### What you are asked to do
Write out, exactly and only, the lines that run from the top of the records to the line with "Loose chiffon dress". Include both ends; exclude pictures.
|---|
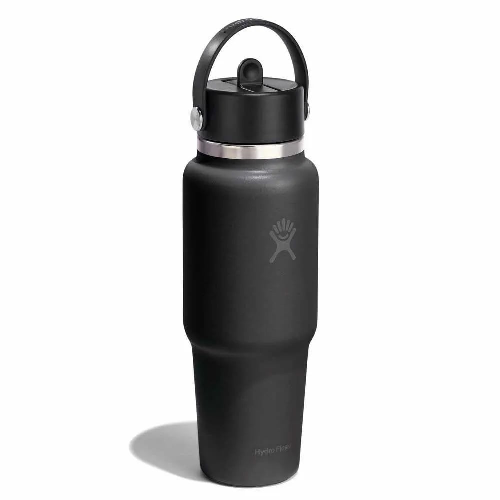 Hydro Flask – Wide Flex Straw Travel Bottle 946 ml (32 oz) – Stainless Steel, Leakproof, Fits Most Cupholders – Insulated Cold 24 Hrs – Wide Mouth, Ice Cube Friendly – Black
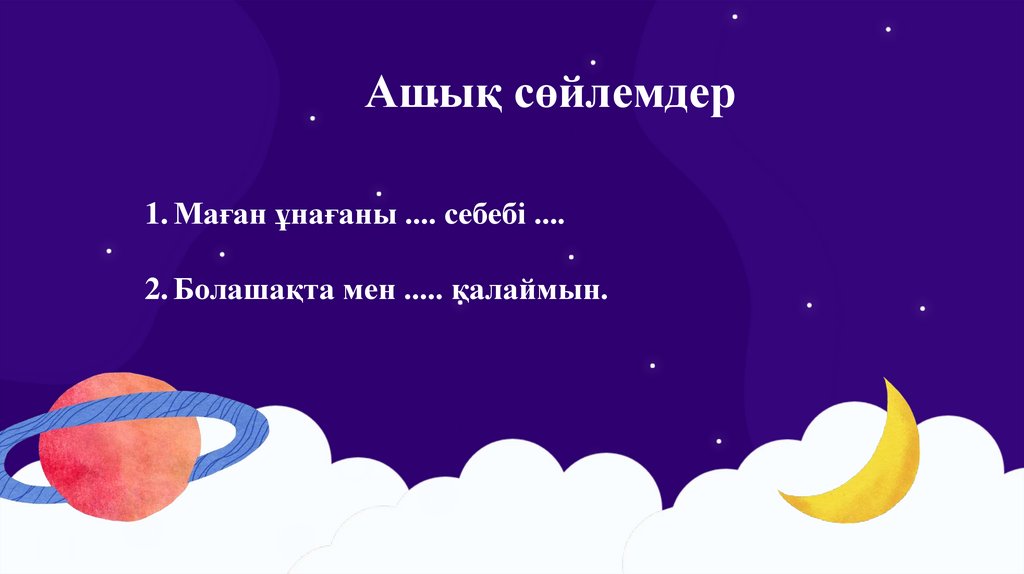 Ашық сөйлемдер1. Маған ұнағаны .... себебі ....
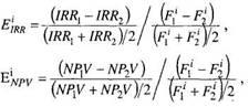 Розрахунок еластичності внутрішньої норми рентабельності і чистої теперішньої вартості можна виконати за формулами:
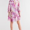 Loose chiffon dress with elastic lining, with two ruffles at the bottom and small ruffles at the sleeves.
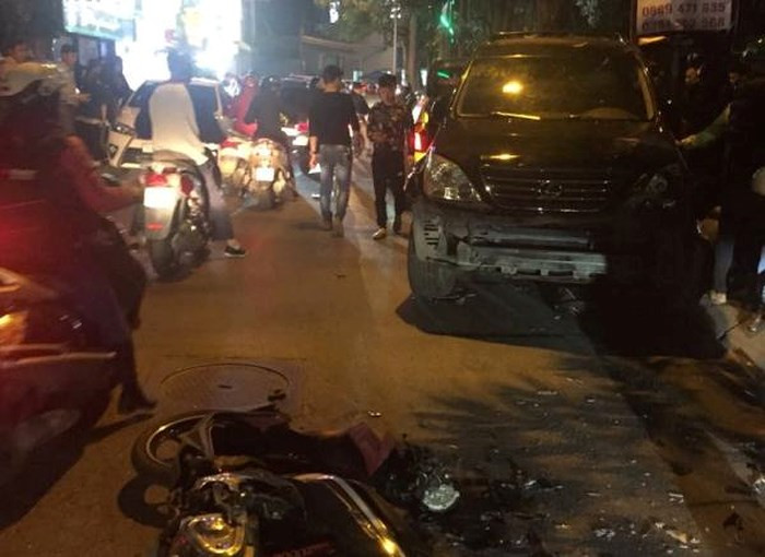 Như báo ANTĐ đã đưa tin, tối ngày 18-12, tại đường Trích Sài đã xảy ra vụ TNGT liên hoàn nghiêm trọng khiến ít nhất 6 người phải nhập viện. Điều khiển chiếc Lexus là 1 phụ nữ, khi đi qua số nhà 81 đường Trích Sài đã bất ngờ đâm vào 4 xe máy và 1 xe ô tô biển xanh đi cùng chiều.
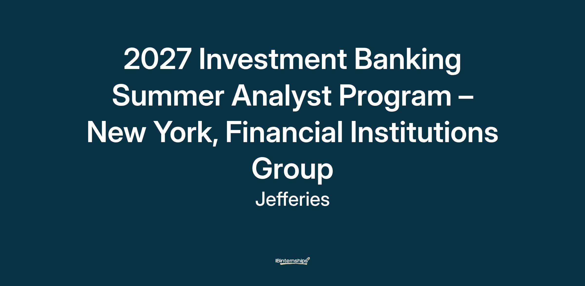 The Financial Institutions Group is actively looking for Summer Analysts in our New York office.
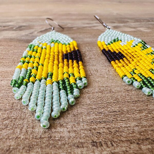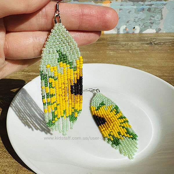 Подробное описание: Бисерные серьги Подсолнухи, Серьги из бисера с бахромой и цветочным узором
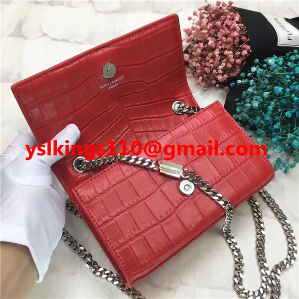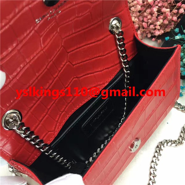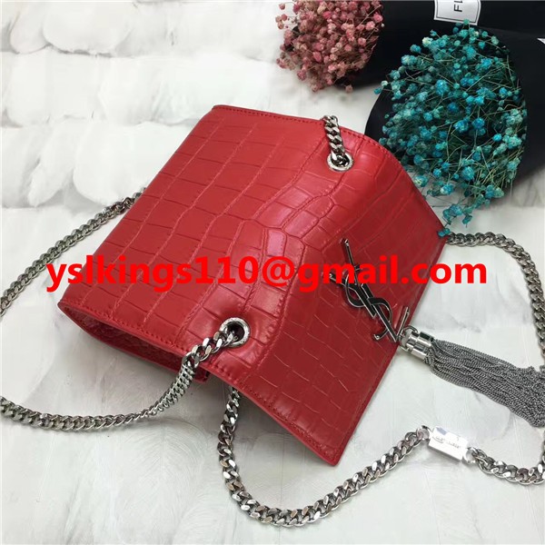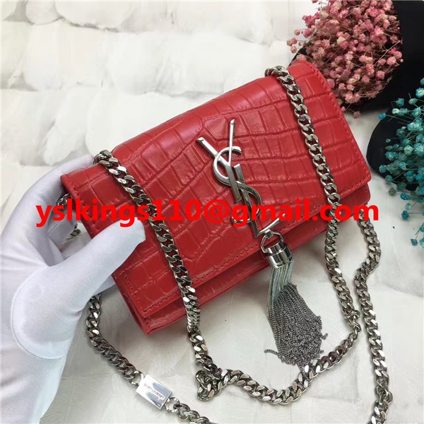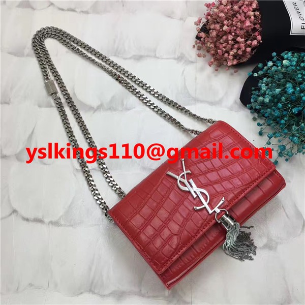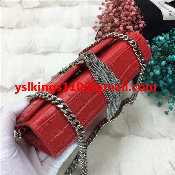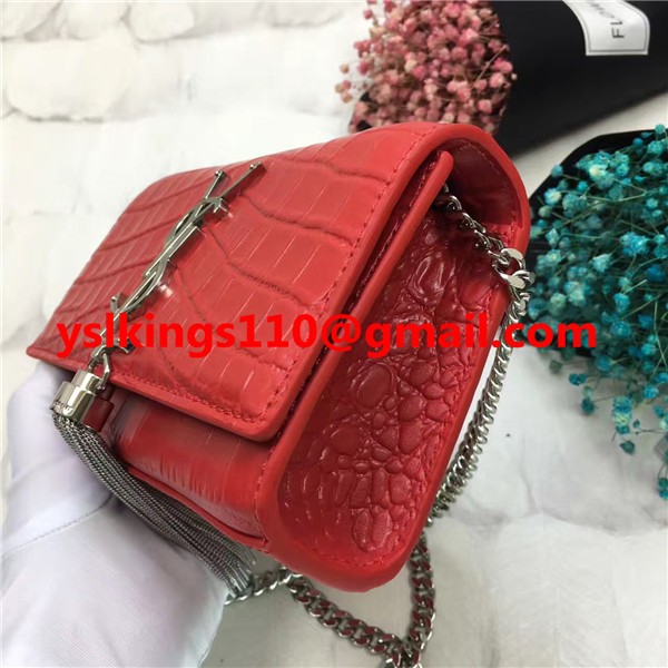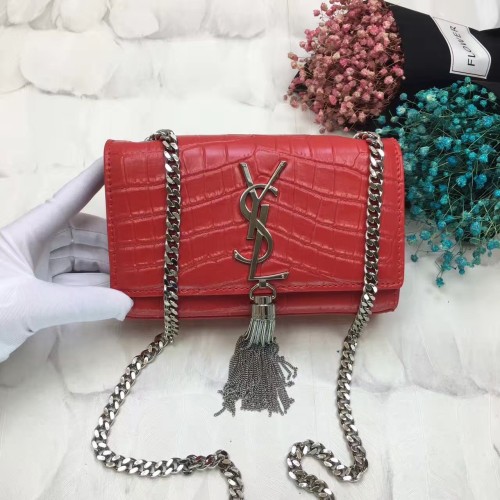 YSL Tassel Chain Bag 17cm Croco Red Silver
|---|
### Your response
 Hydro Flask – Wide Flex Straw Travel Bottle 946 ml (32 oz) – Stainless Steel, Leakproof, Fits Most Cupholders – Insulated Cold 24 Hrs – Wide Mouth, Ice Cube Friendly – Black
 Ашық сөйлемдер1. Маған ұнағаны .... себебі ....
 Розрахунок еластичності внутрішньої норми рентабельності і чистої теперішньої вартості можна виконати за формулами:
 Loose chiffon dress with elastic lining, with two ruffles at the bottom and small ruffles at the sleeves.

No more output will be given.